Data Analysis Statistical analysis involves Kaplan-Meier survival curves to estimate progression-free survival (PFS) and overall survival (OS). Additionally, multivariate regression models will identify independent prognostic factors, considering variables such as age, tumor location, molecular subtypes, and EOR. Sample size calculation is based on the prevalence of high-grade gliomas in the participating centers, with a target enrollment of at least 100 patients, evenly distributed between the two groups. Histopathological analysis will include assessments of neoplastic density, necrosis, mitotic count, and vascular proliferation. Pearson's chi-square test will be used for categorical variables, while a Wilcoxon-Mann-Whitney test or Fisher's Exact test will be applied for numerical variables. A paired sample Student's t-test will compare numerical variables between samples.
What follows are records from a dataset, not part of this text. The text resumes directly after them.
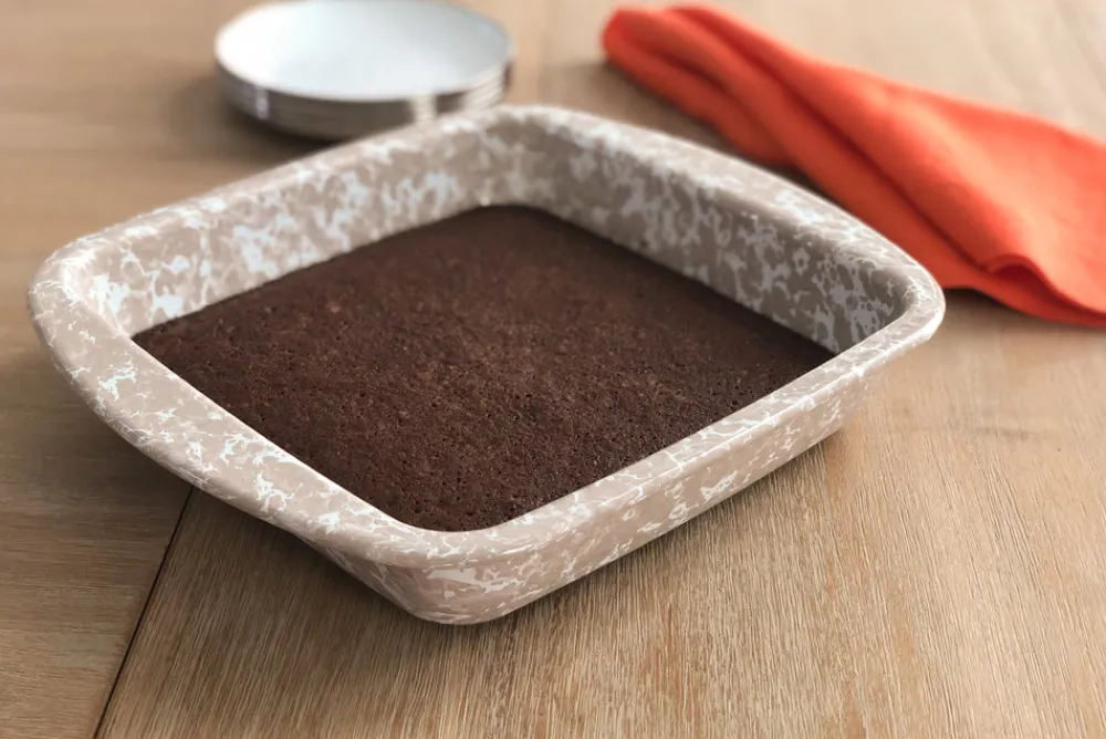 Founder Peggy Hedgpeth created Golden Rabbit to make everyday entertaining feel effortless. With functionality, safety, and durability at the forefront, the brand’s distinctive designs—from traditional enamelware to kid-friendly sets—set it apart in kitchens and dining rooms the world over. Coated porcelain enamel and trimmed with stainless steel to prevent chipping, the Square Trays in Taupe Swirl, Set of 2 adds colorful, retro style to your service of everything from roasts or whole chickens fresh out of the oven, family sized pasts dishes, and desserts.
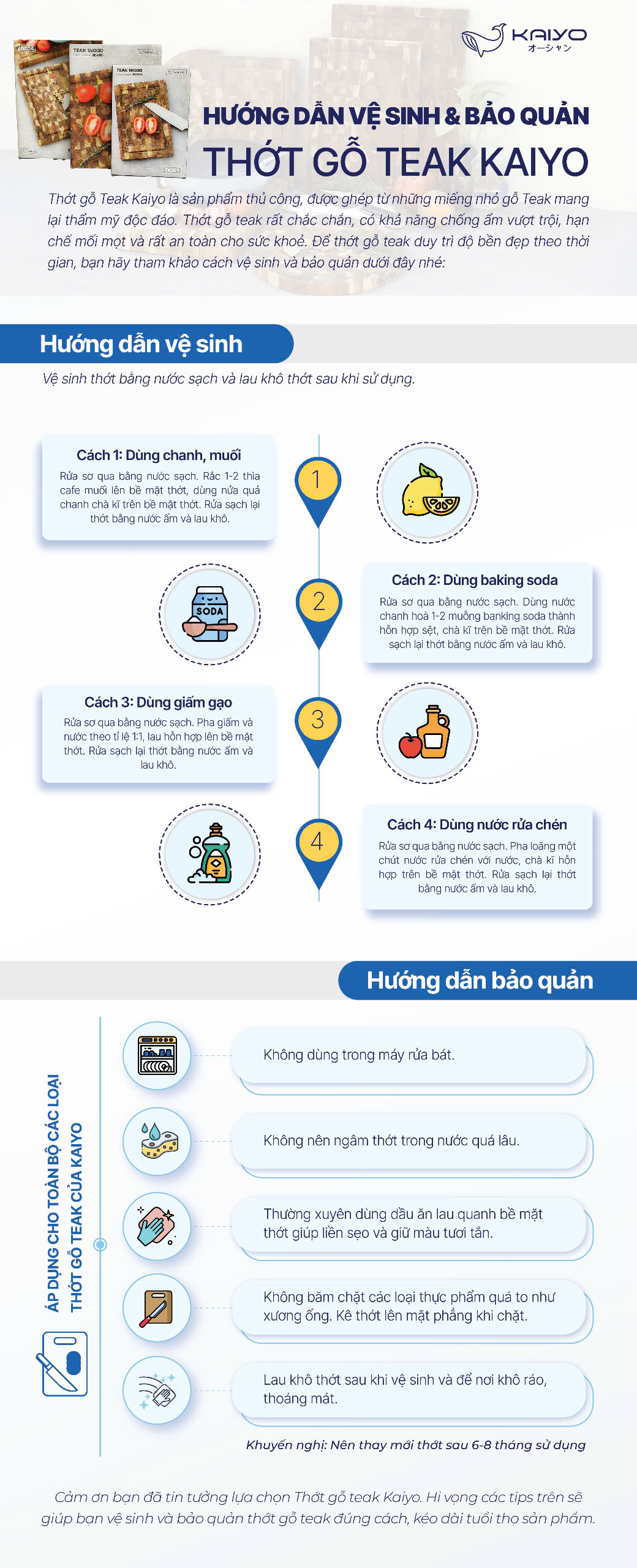 Để duy trì độ bền đẹp của thớt trong quá trình sử dụng, giúp kéo dài tuổi thọ sản phẩm, Kaiyo xin hướng dẫn bạn các cách vệ sinh và bảo quản thớt rất đơn giản sau đây nhé:
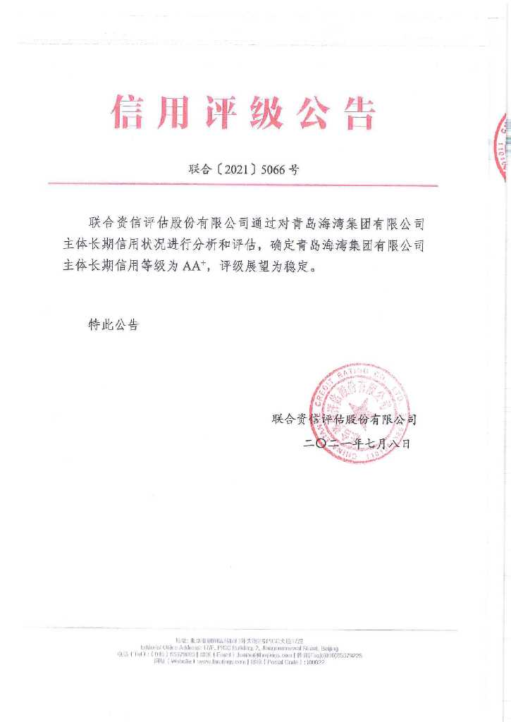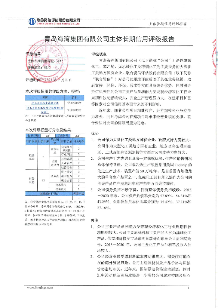 联合资信:青岛海湾集团有限公司主体长期信用评级报告.pdf
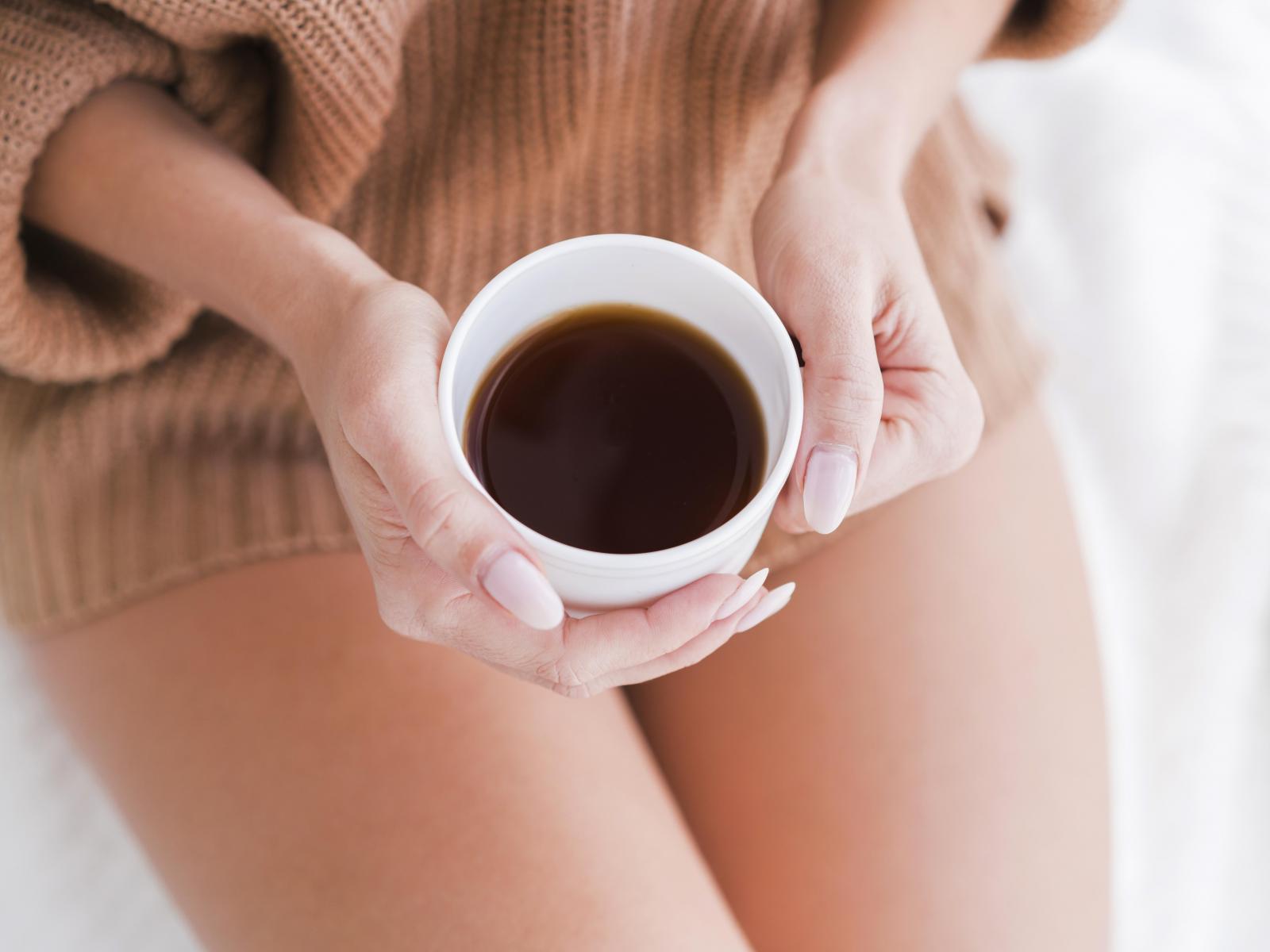 Wallpaper A cup of hot coffee in the hands of a girl

Work Plan and Timeline The study spans four years and is divided into sequential phases. Phase 1 (Months 0-6) focused on study preparation, including ethical approvals, imaging and surgical protocol development, staff training, and PET/MRI integration into neuronavigation workflows.

Phase 2 (Months 7-30) is ongoing, with active patient recruitment at both centers. Eligible patients undergo preoperative PET and MRI, followed by surgery based on their assigned strategy. Postoperative imaging and clinical follow-up monitor disease progression and survival outcomes.

Phase 3 (Months 31-42) will involve data analysis and evaluation. Survival outcomes, PET parameters, molecular markers, and histopathological findings will be analyzed, with subgroup assessments to refine prognostic factors.

Phase 4 (Months 43-48) will focus on disseminating results through presentations at major conferences and publications in peer-reviewed journals.